Use it to make aircraft parts and they will be far lighter. Use it behind the bumper of a car and it will absorb much of the impact of a crash, keeping the body of the car - and the bodies inside it - far safer.
 
Depending on the materials used and the size of the hollow spheres - the ones Rabiei and her students have used range in diameter from 1.4 millimeters to 4 millimeters - the foam will withstand a certain amount of force before it begins to absorb the energy and compress.
 
"There's a lot of interest from a lot of different industries" to use her foam in a variety of applications, Rabiei said, and the university will negotiate licensing agreements for it. Rabiei said one of the truths of her field is that new materials will be put to uses their inventors would not have expected. But, she said, "what I had in mind was to make a material that is light and protects life."
 
Rabiei said she has been excited about metals since she was a schoolgirl in the Iranian city of Arak. "I remember we had a tour from a company in Arak when I was in high school, and I was really impressed by seeing these red-hot materials being formed," she said. So when she began her university career, at Sharif University of Technology in Tehran, she started studying materials science and engineering.
 
When Iran closed universities in 1980 during the Cultural Revolution in an effort to make sure that their teaching complied with the beliefs of the regime, Rabiei turned to her academic adviser for help on continuing her studies. He suggested that she translate some material on materials science from English into Persian, and she ended up translating a 600-page textbook on metallurgy.
 
"It was way above my head," she said. As a result, she learned her subject and learned an even more important lesson.
 
"I think that book opened my way, because I figured out that you can basically do what you want if you put your mind to it," Rabiei said.
 
She credited her parents for supporting her efforts - her mother, a poet, became her editor - and after classes resumed, she went looking for a publisher. "For me, the important thing was to get it published while I was a student," she said, and she succeeded. Her translation remains in print as a reference in the field, she said.
 
After graduation in 1986, Rabiei worked as a research engineer in Iran for a few years, but she said she wasn't content; she wanted to keep learning. "I told my mother, 'I think I still have to go find the ocean,'" she said.
 
She also made herself a promise: "When I turned 30, I decided I was going to get a Ph.D., I was going to be a professor in the United States, and I was going to have a child by the time I was 40."
 
For the Ph.D., Rabiei went to Japan. Colleagues from a Japanese company that partnered with her employer encouraged her, and she chose Tokyo University. After that, she spent three years on a research fellowship at Harvard University. At each school, she said, she found a valued adviser who helped her along.
 
"I was a hard-working person, and I was a very lucky person to end up working with such great people," she said.
 
At a party at Harvard celebrating Nowruz, the Iranian new year, she also met the man she would marry. She began teaching, and her daughter was born soon after. She had met her goals from 10 years earlier.
 
Rabiei said that her daughter recently came home from school and told her that girls may not be able to become scientists.
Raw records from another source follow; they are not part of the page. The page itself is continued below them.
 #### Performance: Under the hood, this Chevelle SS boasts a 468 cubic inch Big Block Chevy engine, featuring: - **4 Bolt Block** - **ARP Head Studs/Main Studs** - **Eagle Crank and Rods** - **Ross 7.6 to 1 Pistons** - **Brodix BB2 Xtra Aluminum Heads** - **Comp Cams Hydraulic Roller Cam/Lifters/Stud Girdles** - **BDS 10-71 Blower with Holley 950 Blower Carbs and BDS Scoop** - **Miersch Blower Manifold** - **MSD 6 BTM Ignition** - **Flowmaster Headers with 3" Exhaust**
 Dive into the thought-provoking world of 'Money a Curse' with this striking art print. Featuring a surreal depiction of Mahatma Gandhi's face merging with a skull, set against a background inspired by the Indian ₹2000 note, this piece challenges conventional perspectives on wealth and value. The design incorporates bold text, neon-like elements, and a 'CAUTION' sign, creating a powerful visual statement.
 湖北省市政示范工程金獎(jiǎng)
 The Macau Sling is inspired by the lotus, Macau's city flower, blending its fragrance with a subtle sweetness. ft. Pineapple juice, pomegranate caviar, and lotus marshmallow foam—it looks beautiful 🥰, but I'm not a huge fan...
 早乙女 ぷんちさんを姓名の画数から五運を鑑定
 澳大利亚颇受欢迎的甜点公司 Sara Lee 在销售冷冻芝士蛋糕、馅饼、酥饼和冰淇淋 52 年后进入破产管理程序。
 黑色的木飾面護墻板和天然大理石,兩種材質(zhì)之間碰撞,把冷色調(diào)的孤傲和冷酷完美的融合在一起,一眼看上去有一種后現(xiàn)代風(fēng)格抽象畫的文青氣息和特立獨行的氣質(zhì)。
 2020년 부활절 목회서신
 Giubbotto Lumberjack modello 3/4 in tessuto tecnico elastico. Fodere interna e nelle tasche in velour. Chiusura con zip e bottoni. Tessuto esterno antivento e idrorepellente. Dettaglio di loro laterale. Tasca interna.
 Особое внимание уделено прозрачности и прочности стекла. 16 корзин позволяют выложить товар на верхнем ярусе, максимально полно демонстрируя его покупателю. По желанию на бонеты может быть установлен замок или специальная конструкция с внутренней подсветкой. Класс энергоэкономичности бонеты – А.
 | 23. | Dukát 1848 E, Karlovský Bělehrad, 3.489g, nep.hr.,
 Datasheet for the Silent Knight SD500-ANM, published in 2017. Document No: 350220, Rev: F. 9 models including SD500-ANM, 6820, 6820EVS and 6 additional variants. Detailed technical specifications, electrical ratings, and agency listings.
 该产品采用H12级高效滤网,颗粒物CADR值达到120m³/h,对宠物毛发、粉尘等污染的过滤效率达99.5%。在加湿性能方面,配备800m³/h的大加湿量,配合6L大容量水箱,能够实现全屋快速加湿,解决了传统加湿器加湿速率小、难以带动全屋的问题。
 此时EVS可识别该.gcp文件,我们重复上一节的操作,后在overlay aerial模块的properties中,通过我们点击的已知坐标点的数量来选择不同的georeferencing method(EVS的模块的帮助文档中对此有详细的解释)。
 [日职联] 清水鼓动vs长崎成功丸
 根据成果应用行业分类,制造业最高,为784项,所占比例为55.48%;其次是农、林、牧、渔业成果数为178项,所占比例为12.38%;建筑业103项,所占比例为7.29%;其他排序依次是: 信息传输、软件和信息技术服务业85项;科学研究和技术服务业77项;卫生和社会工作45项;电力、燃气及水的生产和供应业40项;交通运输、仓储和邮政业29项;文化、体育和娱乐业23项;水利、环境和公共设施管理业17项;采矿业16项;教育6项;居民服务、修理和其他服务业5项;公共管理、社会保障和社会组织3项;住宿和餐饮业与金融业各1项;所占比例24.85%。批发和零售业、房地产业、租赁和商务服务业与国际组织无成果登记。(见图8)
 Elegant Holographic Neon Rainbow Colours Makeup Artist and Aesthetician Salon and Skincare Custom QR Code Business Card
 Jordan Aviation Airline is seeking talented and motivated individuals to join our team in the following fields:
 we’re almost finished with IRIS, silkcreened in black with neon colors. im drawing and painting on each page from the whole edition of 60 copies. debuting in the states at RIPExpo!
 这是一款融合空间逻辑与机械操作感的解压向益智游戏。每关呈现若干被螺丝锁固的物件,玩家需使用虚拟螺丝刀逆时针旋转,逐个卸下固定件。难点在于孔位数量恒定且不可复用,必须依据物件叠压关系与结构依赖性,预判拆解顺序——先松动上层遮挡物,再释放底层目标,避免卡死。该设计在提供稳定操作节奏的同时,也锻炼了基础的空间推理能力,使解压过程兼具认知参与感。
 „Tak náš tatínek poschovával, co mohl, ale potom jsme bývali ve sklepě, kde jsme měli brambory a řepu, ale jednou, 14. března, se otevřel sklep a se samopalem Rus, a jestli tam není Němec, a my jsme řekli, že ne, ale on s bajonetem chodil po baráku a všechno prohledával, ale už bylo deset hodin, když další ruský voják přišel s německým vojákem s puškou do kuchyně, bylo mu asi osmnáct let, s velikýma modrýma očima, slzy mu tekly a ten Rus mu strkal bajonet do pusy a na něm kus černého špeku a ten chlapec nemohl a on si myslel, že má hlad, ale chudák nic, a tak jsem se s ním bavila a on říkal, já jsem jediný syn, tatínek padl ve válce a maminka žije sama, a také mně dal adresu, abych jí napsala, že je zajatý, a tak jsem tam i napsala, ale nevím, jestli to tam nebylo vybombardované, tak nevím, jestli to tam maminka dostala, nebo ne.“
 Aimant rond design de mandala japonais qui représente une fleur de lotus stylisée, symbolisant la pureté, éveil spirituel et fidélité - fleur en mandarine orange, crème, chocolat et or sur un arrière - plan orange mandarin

That prompted a discussion about what women can do and a school report by the daughter about Rabiei's childhood role model, physicist Marie Curie.
 
Rabiei said she was aware from the start that she was going into a field in which women are rare. She was the first woman in her professor's lab at Tokyo University, and the first in her department at North Carolina State University. "I think we have a long way to go, wherever you go in the world, to build equity between women and men," she said.

(This is a product of the Bureau of International Information Programs, U.S. Department of State. )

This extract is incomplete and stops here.